5% of the population have chronically activated stress responses. What's their problem? These are the archetypal people who cross all their t's & dot their i's. They describe themselves as planners who don't like surprises. They live structured lives, walking to work the same way each day, the sort of people who can tell you what they are having for lunch in two weeks. Not surprisingly, they don't like ambiguity and strive to set up their world in black & white. They are stoic, regimented, hardworking people who are fine but have overactive stress responses. The levels of glucocorticoids in their bloodstream as elevated and they have elevated sympathetic tone as well.When exposed to a cognitive challenge, they show unusually large increases in heart rate, blood pressure, sweating and muscle tension....Back to our envious thought, "I wish I had their discipline, how do they do it?" They do it by working like maniacs to generate their structured repressed world with no surprises. And that comes with a physiological bill. It can be enormously stressful to construct a world without stressors.

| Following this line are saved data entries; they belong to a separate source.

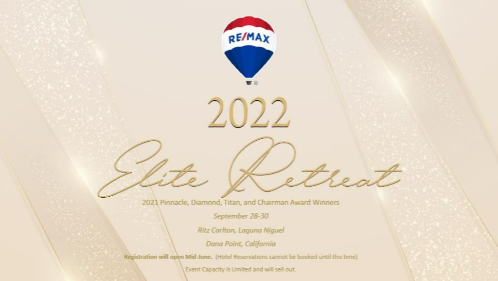 As a team leader or individual 2021 recipient of a RE/MAX® Pinnacle, Diamond, Titan or Chairman Award, you’re invited to join us at the exclusive Elite Retreat in honor of your achievement.
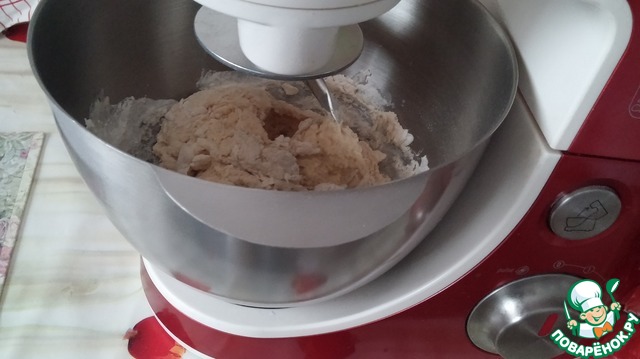 В чаше миксера или просто в большой миске смешать муку, соду гашеную уксусом, сахар, сделать углубление и влить яйца.
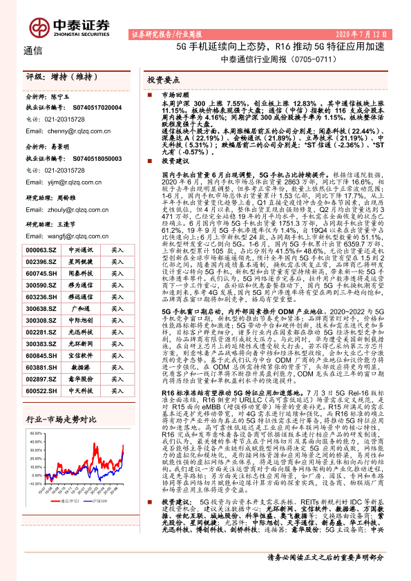 【中泰证券】【20200712】中泰通信行业周报:5G手机延续向上态势,R16推动5G特征应用加速-19页
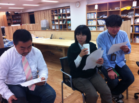 ワークショップ中継! さて、下見班は江古田という東京のとある町にいっておりますが、青山におります班員は、絶賛・WEBページ相談中でした。 「土曜日は、ワークショップ中継! いえ〜い!」 とても息があっているおふたりさんでした。 ところで、先日そのワークショップの係を「読み物」チームに説明をしたときにですよ。 その役割分担のリストをみながら、20分はいろいろ語ったね。 この人々は。 「受付のきれいどころっぷりは どうだ?」 「この、B班というのの 強力さはどうなんだ? だよ。」 などなど。 しかしながら、自分たちが 「テキスト中継」の役割であることについてのコメントはあまりなかった。 「まあ、道具と心構えだけ持って、 あとは、会場をみないと よくわからないし。」 しかし、 というところに自分の名前を発見し、驚愕をしていました。 「ねえねえ。なにも聞いてないよ。 ねえねえ。なにを話すの?」 大丈夫です。 いままでだって、大丈夫でしたし。 「いままでは、相方がいたんだけど。 今回いないんだけど。」 大丈夫ですって。 2011/03/02 15:47 |
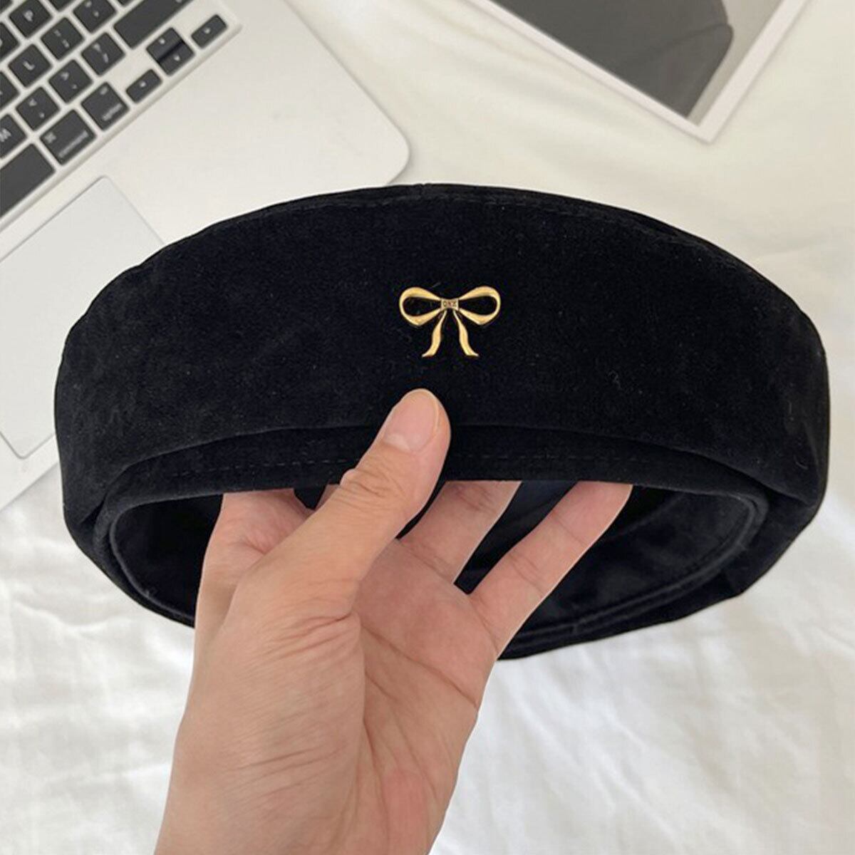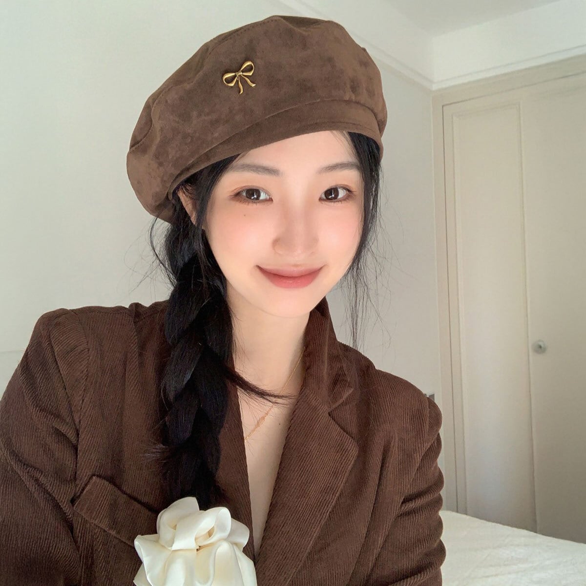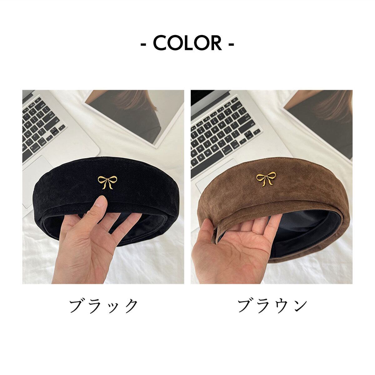 スエード調の柔らかな素材がクラシックな雰囲気を演出し、フロントに施された小さなリボン飾りが上品な印象を与えてくれるベレー帽です。
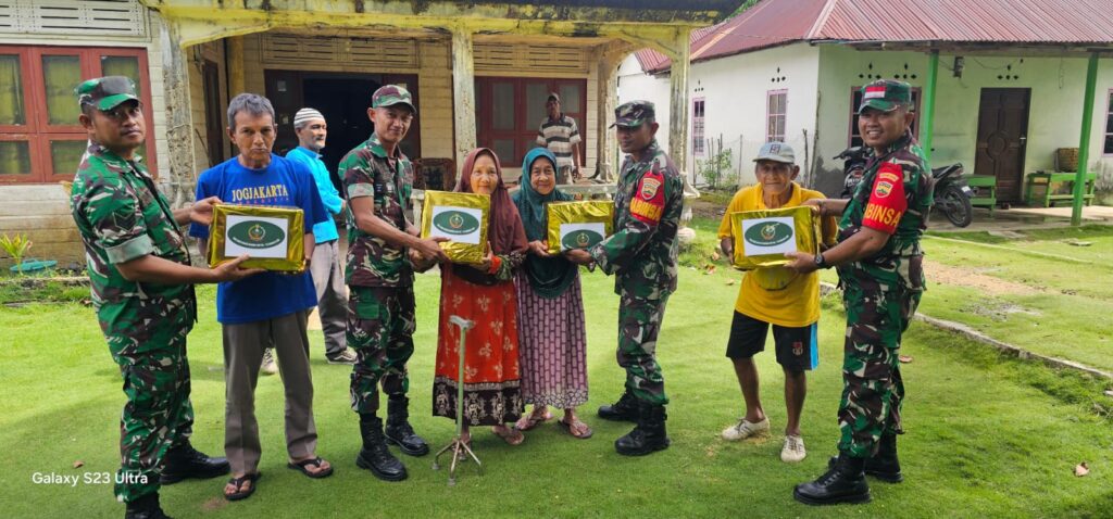 Sambut HUT Kodam I/BB Ke-75, Koramil 06/Serasan Salurkan 12 Paket Sembako Bagi Warga Kurang Mampu

Impressive in both detail and scope. Approachable without losing scientific rigor.

Nice read ... The author Robert M. is a good teacher. concepts are moderately easy to grasp even for someone with no medical training like me. This book contains valuable knowledge and would definitely read it again.

I found this book almost as charismatic as its writer. It did not provide much new information for me and I found myself skipping parts ergo the rating.

Another book from Robert Sapolsky, it talks about stress (the stimulating and the chronic one), and you won’t believe the extent of damage caused by the chronic stress, from cardiovascular diseases to diabetes , depressions, hypertension , mental illnesses etc. . this book should be your guide to understand stress and manage it.